While I write this piece of correspondence in a mad rush, a bomb is dropped onto the building next to the one I’m in now. The windowpanes shake, my ears ache, I look out the window and see that the building gathering the major Arabic media agencies has been struck. It’s one of Gaza City’s tallest buildings, the AlJaawhara building. A camera crew is permanently stationed on the roof, I can now see them all bending around on the ground, waving their arms and asking for help as they’re covered by a black cloud of smoke.

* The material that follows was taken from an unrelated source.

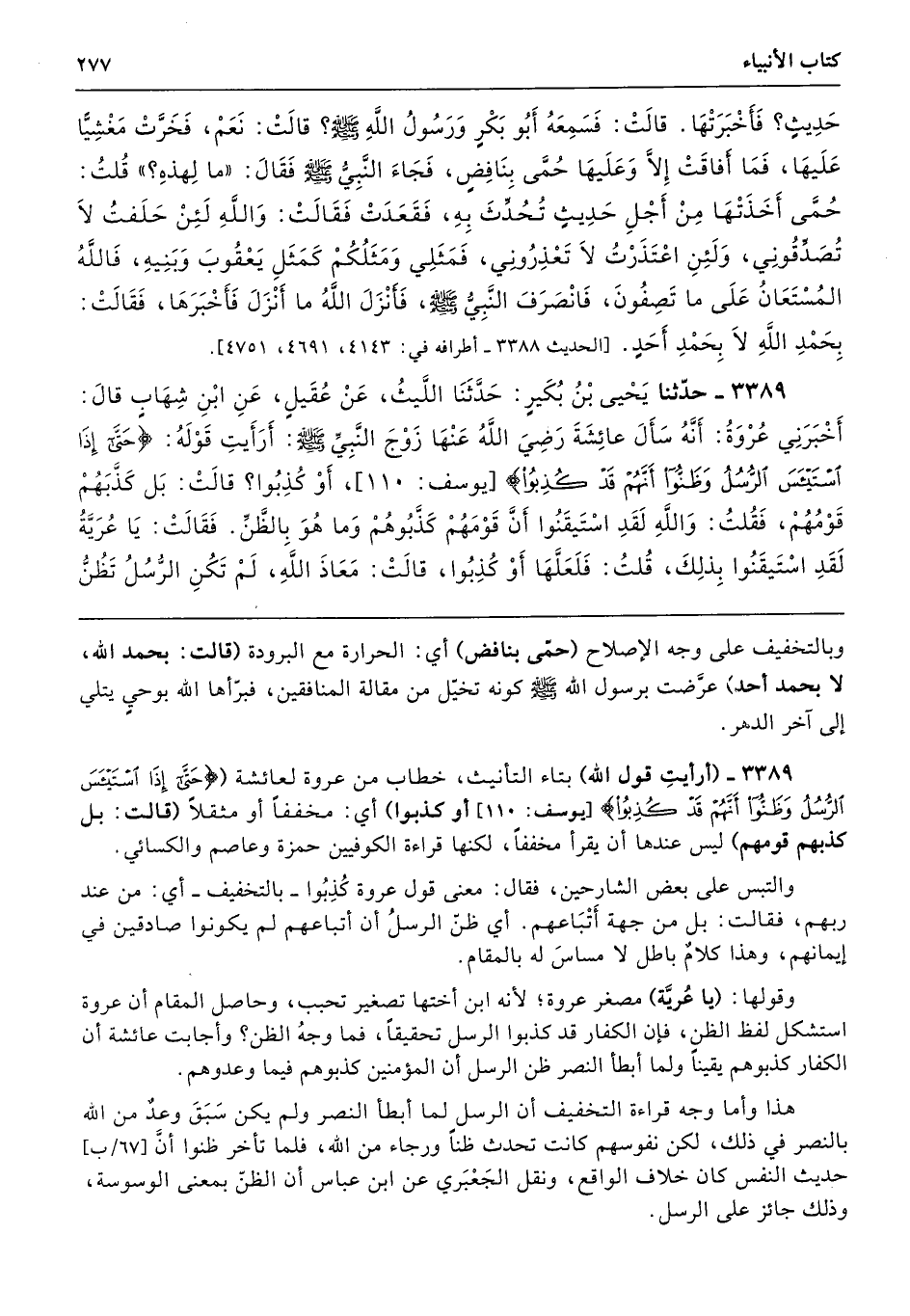 3389 - حَدَّثَنَا يَحْيَى بْنُ بُكَيْرٍ حَدَّثَنَا اللَّيْثُ عَنْ عُقَيْلٍ عَنِ ابْنِ شِهَابٍ قَالَ أَخْبَرَنِى عُرْوَةُ أَنَّهُ سَأَلَ عَائِشَةَ - رضى الله عنها - زَوْجَ النَّبِيِّ - صلى الله عليه وسلم - أَرَأَيْتِ قَوْلَهُ (حَتَّى إِذَا اسْتَيْأَسَ الرُّسُلُ وَظَنُّوا أَنَّهُمْ قَدْ كُذِّبُوا) أَوْ كُذِبُوا. قَالَتْ بَلْ كَذَّبَهُمْ قَوْمُهُمْ. فَقُلْتُ وَاللَّهِ لَقَدِ اسْتَيْقَنُوا أَنَّ قَوْمَهُمْ كَذَّبُوهُمْ وَمَا هُوَ بِالظَّنِّ. فَقَالَتْ يَا عُرَيَّةُ، لَقَدِ اسْتَيْقَنُوا بِذَلِكَ. قُلْتُ فَلَعَلَّهَا أَوْ كُذِبُوا. قَالَتْ مَعَاذَ اللَّهِ، لَمْ تَكُنِ الرُّسُلُ تَظُنُّ

Paramedics and journalists, the most heroic occupations in this corner of the world. At the Al Shifa hospital yesterday I paid Tamim a visit – he’s a journalist who survived an air raid. He explained how he thinks that Israel is adopting the same identical terrorist techniques as Al-Qaeda, bombing a building, waiting for the journalists and ambulances to arrive and then dropping another bomb to finish the latter two off as well. In his view that’s why there’ve been so many casualties among the journalists and paramedics. As he said this, the nurses around his bed all nodded in agreement.Tamim smilingly showed me his two stubs for legs. He was happy he was still around to tell the story, while his colleague, Mohammed, had died with a camera in his hand when the second explosion had proved fatal. In the meantime I asked about the bomb that was just dropped on the building next door, where two journalists, both Palestinian, one from Libyan TV and the other from Dubai TV, were injured. This is a harsh new reminder that this massacre must in no way be described or recorded. All that’s left for me to hope is that among the Israeli military summit no one readsIl Manifesto, or habitually visits my blog.